◆ Task to carry out ◆
Leaving out the pictures, copy each record below exactly.
# # # # # # #
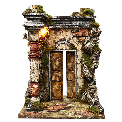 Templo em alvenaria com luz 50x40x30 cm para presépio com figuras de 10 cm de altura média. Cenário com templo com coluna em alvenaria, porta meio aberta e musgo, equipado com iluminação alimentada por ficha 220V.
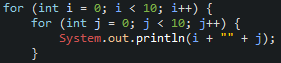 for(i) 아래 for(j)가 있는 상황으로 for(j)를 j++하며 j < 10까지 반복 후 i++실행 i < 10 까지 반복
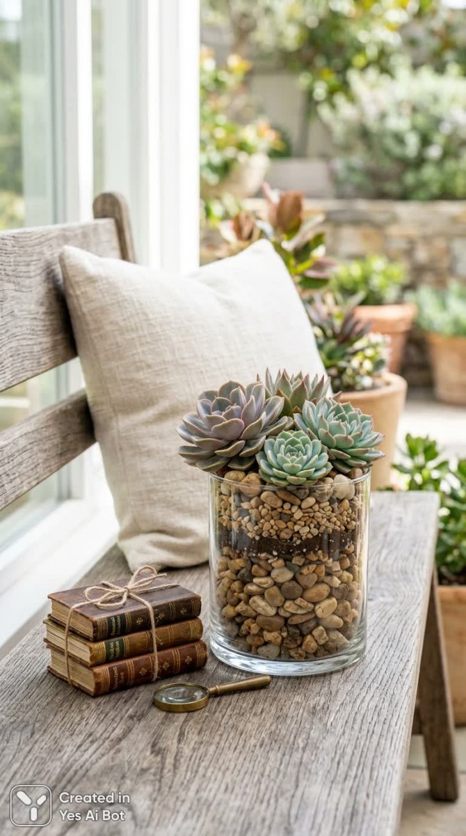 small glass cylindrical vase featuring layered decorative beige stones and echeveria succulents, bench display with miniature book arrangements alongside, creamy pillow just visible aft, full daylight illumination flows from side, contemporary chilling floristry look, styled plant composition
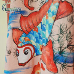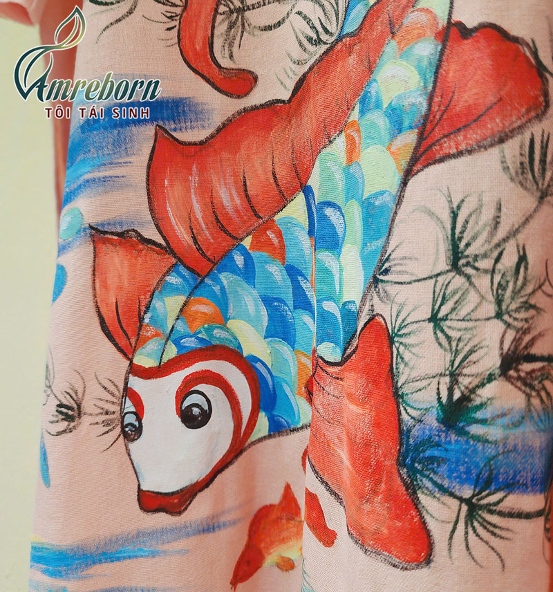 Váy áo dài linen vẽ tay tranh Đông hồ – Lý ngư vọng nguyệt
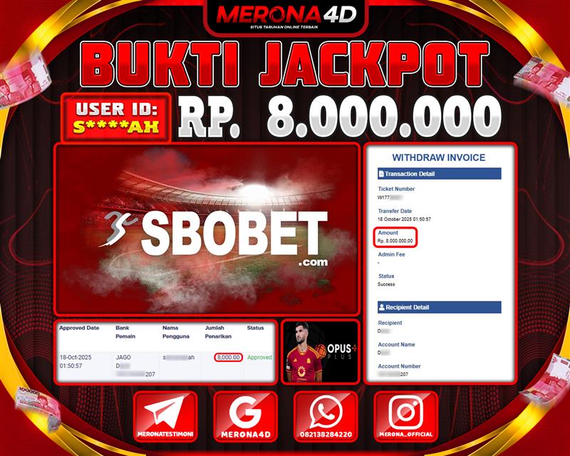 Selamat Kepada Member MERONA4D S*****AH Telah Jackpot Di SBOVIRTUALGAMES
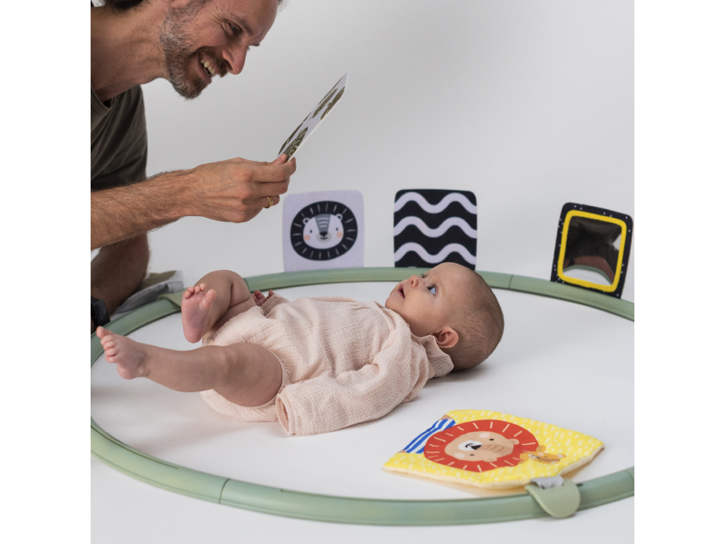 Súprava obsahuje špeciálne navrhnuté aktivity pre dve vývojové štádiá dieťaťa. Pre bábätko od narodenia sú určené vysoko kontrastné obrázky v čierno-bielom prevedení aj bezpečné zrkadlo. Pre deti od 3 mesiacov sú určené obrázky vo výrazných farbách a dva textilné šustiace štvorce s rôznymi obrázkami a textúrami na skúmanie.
# # # # # # #
◆ Written answer ◆
 Templo em alvenaria com luz 50x40x30 cm para presépio com figuras de 10 cm de altura média. Cenário com templo com coluna em alvenaria, porta meio aberta e musgo, equipado com iluminação alimentada por ficha 220V.
 for(i) 아래 for(j)가 있는 상황으로 for(j)를 j++하며 j < 10까지 반복 후 i++실행 i < 10 까지 반복
 small glass cylindrical vase featuring layered decorative beige stones and echeveria succulents, bench display with miniature book arrangements alongside, creamy pillow just visible aft, full daylight illumination flows from side, contemporary chilling floristry look, styled plant composition
 Váy áo dài linen vẽ tay tranh Đông hồ – Lý ngư vọng nguyệt
 Selamat Kepada Member MERONA4D S*****AH Telah Jackpot Di SBOVIRTUALGAMES
 Súprava obsahuje špeciálne navrhnuté aktivity pre dve vývojové štádiá dieťaťa. Pre bábätko od narodenia sú určené vysoko kontrastné obrázky v čierno-bielom prevedení aj bezpečné zrkadlo. Pre deti od 3 mesiacov sú určené obrázky vo výrazných farbách a dva textilné šustiace štvorce s rôznymi obrázkami a textúrami na skúmanie.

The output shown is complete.